Hi Bruno,
ich kann Holger's Ausführungen nur unterstreichen, die Holiday lohnt immer - egal, ob nun 1935, 1945 oder 1955.
Ich besitze das gegenständliche Set im Übrigen, habe es im Februar für 52,99€ erworben und bin sehr begeistert.
Zum einen ist das auf den ersten Blick kein geringer Preis, jedoch sollte bedacht werden, dass man 6 CDs bekommt, der Preis ist mit 8 Eurosundeinpaarzerquetschten pro CD ist also sehr, sehr gut.
Hinzu kommt eine sehr robuste Metallbox, die obendrein sehr stilvoll gestaltet ist und ein sehr schönes Booklet (66 Seiten aus meiner Erinnerung heraus).
Die CDs sind einfach und platzsparend, aber effizient mit einer Art Ziehharmonika-Prinzip verpackt, durch das ganze Set hindurch stößt man übrigens auch auf die verschiedensten Sonnenmotive, was wohl etwas mit ihrem Namen "Lady Day" zu tun hat (Sonne -> Tag, also Day).
Grundsätzlich kann ich die Holiday natürlich empfehlen, jedoch ist zu beachten, dass ihr Gesang extrem eigenwillig, herb und anspruchsvoll ist und wahrscheinlich nicht jeder/jedem zum Gefallen gereicht.

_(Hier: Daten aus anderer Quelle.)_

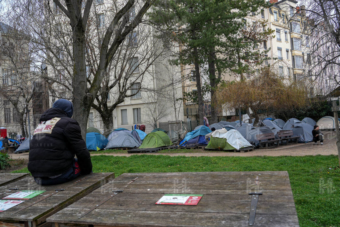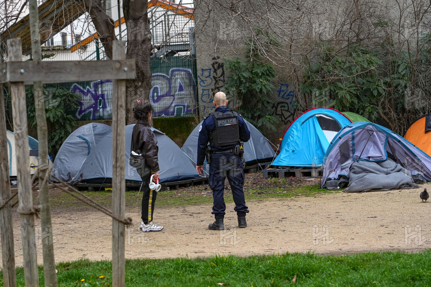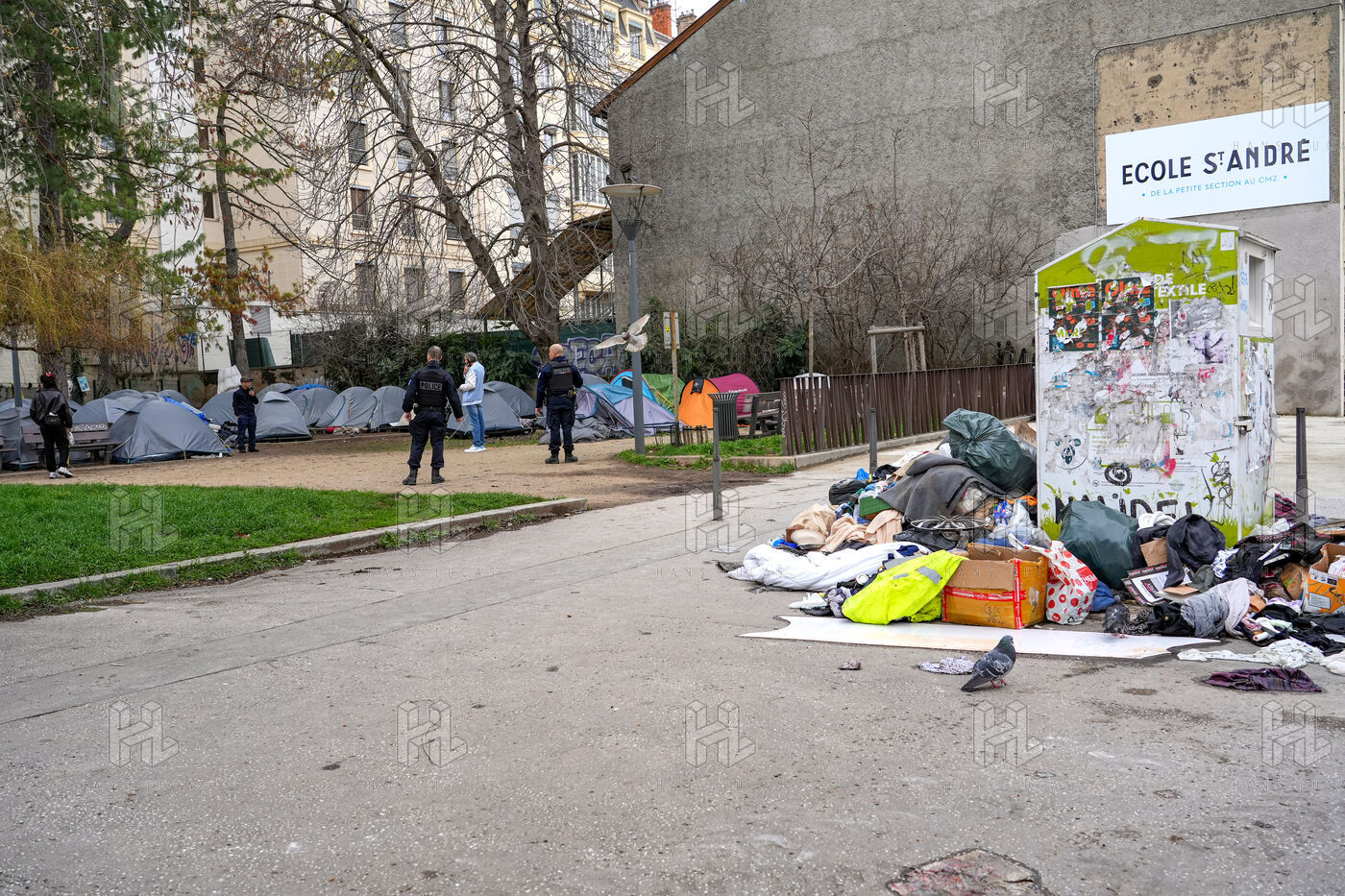 Un campement d'une centaine de tentes installées illégalement et occupées par des migrants, des sans papiers et des sans abri, sur le square Deperet

Wenn man noch nichts von ihr besitzt, tut es ein offizieller Sampler (Man kann nicht oft genug vor Billigmüll warnen) auch für den Anfang, um Enttäuschungen bei einem solch teuren Kauf zu vermeiden.
Zu einer Jazz-Sammlung gehört die Holiday aber auf jeden Fall und der Sampler sollte es dann auch mindestens sein.

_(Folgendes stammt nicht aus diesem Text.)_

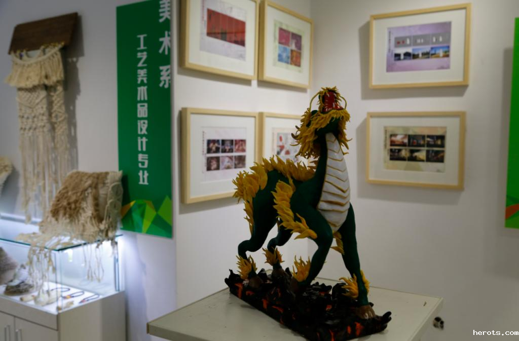 我院历时三个月准备此次展会,共参与师生百余人;展出了学院美术系舞台艺术设计与制作、环境艺术设计、视觉传播设计与制作、工艺美术品设计、美术教育、文物修复与保护6个专业的优秀学生作品100余件。展品从古到今,既有文物修复、非遗传承,也有现代文化创意;展品有大有小,最大的清西陵模型2.4*1.2米,气势恢宏,最小的手工艺品仅有0.1米。美术系还组织学生们参加了第四届河北省文化创意设计大赛、第五届河北省特色工艺美术精品大赛。

Für den Sinatra-Fan ist Billie Holiday im Übrigen gleich doppelt interessant, Holger wird das bestätigen können.
Er hat ja bereits angedeutet, dass Sinatra sie sehr bewundert hat.
Wenn von Sinatra's Vobildern die Rede ist, wird an vorderster Front und unvermeidlich immer von Bing Crosby gesprochen, was wohl auch gar nicht so falsch ist, nur im falschen Zusammenhang ausgelegt wird.

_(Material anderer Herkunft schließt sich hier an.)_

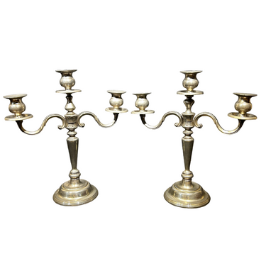 Bella pareja de candelabros de plaque con un diseño en decoraciones curvas de tres luces y base redonda.

Er war immerhin der Superstar seiner Zeit.
Künstlerisch hat er Sinatra aber denkbar wenig beeinflusst, wenn man außer acht lässt, dass Crosby, das ursprüngliche Crooning mit erfunden hat, das Sinatra später so grundlegend umkrempelte.
Sinatra war im Gegensatz sogar einer der ersten, der sich vom Stil Crosby's abhob, einen völlig eigenen Stil entwickelte und damit auch noch erfolgreich war.
Tatsächlich dürfte die Wirkung Crosby's auf Sinatra sich darauf beschränkt haben, dass er ihn dazu inspiriert hat, ihn zu überflügeln.
Bei der Holiday ist das etwas deutliches Anderes, nicht unbedingt im Up-Tempo-Fach, aber auf jedem Fall bei den Balladen kann man einen unüberhörbaren Einschlag des Stils der Holiday auf Sinatra's Phrasierung ausmachen, beispielsweise was das Verschleifen von Silben usw. angeht.
Von Schönklang und Ästhetik kann in der Stimme Holiday's - wie weiter oben angesprochen - keine Rede sein, umso authentischer ist das Ergebnis.
Man hört dagegen insbesondere in dieser Box eine Frau, die vom Leben bereits gezeichnet ist und weiß, von was sie singt.
Keine echte Jugend, Prostitution, Ausnutzung durch fast das gesamte Umfeld, Drogenabhängigkeit inkl. Gefängnisstrafen und schließlich das unglaublich grausmae Verrecken - authentischer geht's nimmer.